Le 23 mars, Julien Sanchez arrive en tête avec 32,84% des voix. Au second tour, il l’emporte dans une quadrangulaire avec 39%. « Je dédie ma victoire à mon équipe, aux Beaucairois, à tous les électeurs FN de France, à Jean-Marie Le Pen et à Marine Le Pen », a-t-il réagi au soir de son élection. Au pouvoir, Julien Sanchez, travailleur, s’empare de certains dossiers qu’il fait avancer. Mais il fait aussi de la mairie une arme politique en faveur de la propagation des idées d'extrême-Droite. Une autre étape de la dédiabolisation du parti. 

Beaucaire, une arme politique 

Homme de communication et de surcroît procédurier, il fait condamner la présidente de la Région, Carole Delga, pour discrimination(*). Il supprime les repas sans porc à la cantine malgré la décision du Conseil d'État de débouter la mairie.
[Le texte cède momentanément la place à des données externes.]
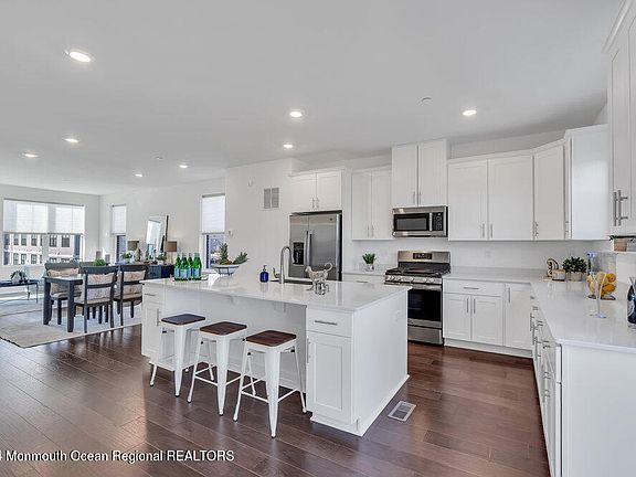 Welcome to the epitome of luxury living in the newly developed Patriot Square community of Northern Tinton Falls. This MOVE IN READY 3 story END-UNIT boasts 3beds & 3.5baths. The attached 2-car garage provides direct entry into your lower level walk-out flex room w/ private patio & full bathroom which can be transformed into an additional Guest Suite. Open concept main level showcasing a Chef's kitchen w/ 42'' white shaker-style cabinets, quartz counters, SS appliances, office nook & a walk-out composite deck. Extra wide plank hickory hardwood floors grace both the lower & main levels. Enjoy the luxury of 9' ceilings, automatic blinds & UV window protection. Top floor primary suite w/ walk-in closet & 2 guest bedrooms. The 12 by 24' tiles add a touch of elegance to the bathrooms. Smart home technology & a 10yr Lennar home warranty included. Lifestyle amenities: playground, volleyball court, dog park & snow removal. Close to GSP, RT18,35,36.
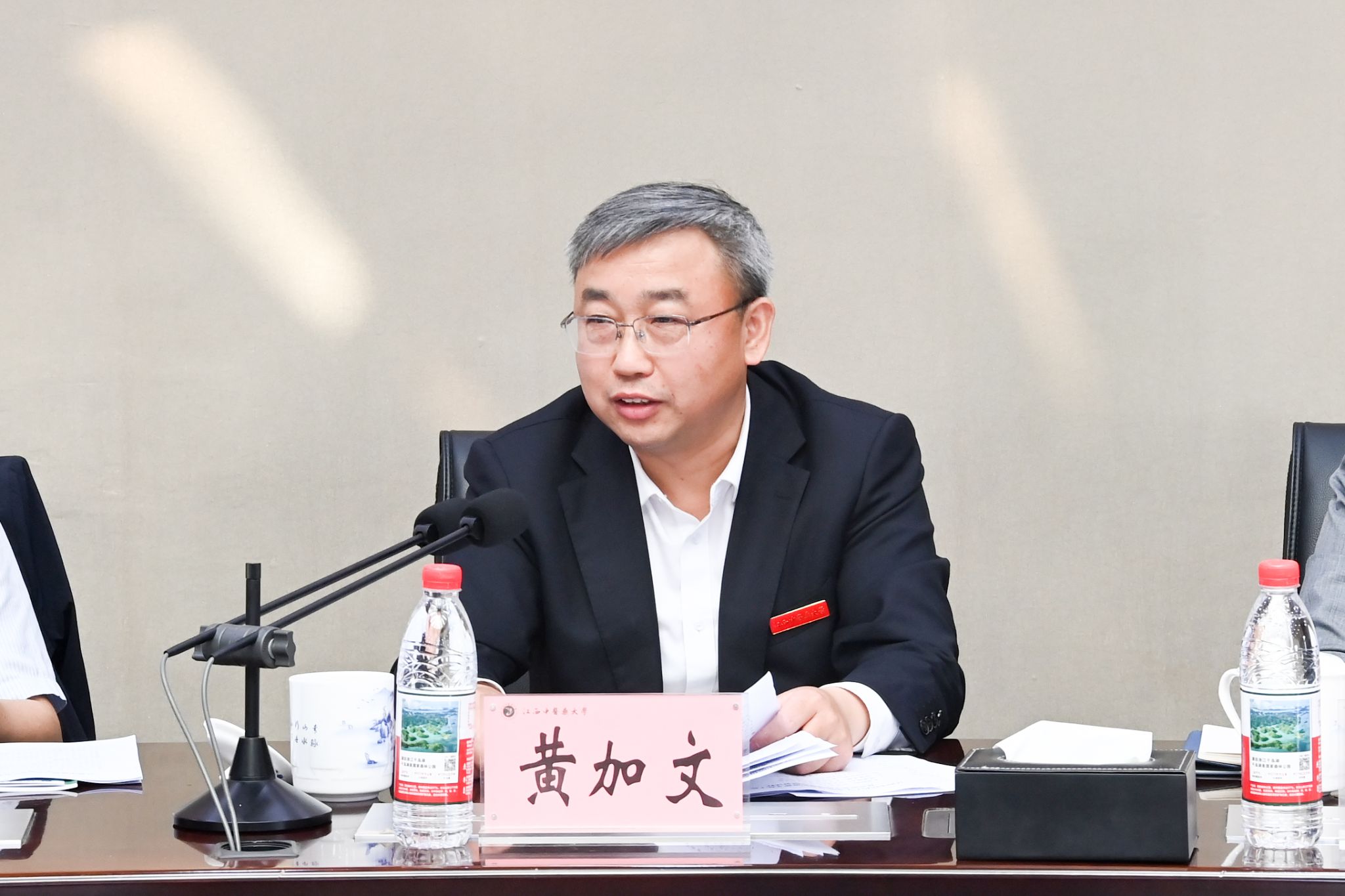 江中新闻网讯(记者 杨清跃)4月10日,学校召开2026年宣传思想文化工作、意识形态工作领导小组会,党委书记黄加文主持会议并总结讲话。校领导朱卫丰、刘潜、邹健生、陈焕文、严小军、周志刚、钟凌云,党委委员聂国林、薛铁瑛、徐道富、周小青出席会议,各基层党组织书记、相关职能部门负责人、思政课教师代表参加会议。

Julien Sanchez et son avocate, Sylvie Josserand - qui deviendra députée de la 6e circonscription en 2024 - s'engouffrent dans les failles de notre système judiciaire. La mairie multiplie alors les délibérations, permettant à ses décisions de rester effectives malgré les condamnations de la justice, comme c’est le cas pour l’installation, chaque année, de la crèche dans l’enceinte de l'hôtel de ville. 

Cette stratégie ne semble toutefois pas déranger ses administrés. En 2020, Julien Sanchez est réélu dès le 1er tour avec 60% des voix. Beaucaire, « le laboratoire » comme le qualifiera Marine Le Pen, a participé à la dédiabolisation du FN et, par conséquent, à son idéologie. Ce n’est donc pas un hasard si, quelques années plus tard, en 2017 et 2022, la fille Le Pen se retrouve propulsée au second tour des élections présidentielles. Et si, aujourd'hui, le RN dispose de 125 députés contre 2 en 2012. 

*À noter que la Cour Européenne des droits de l’Homme a rendu une décision par laquelle elle condamne, à l’unanimité des 7 juges, la décision de la Cour d’appel de Nîmes pour violation de l’article 7 de la Convention européenne des droits de l’Homme.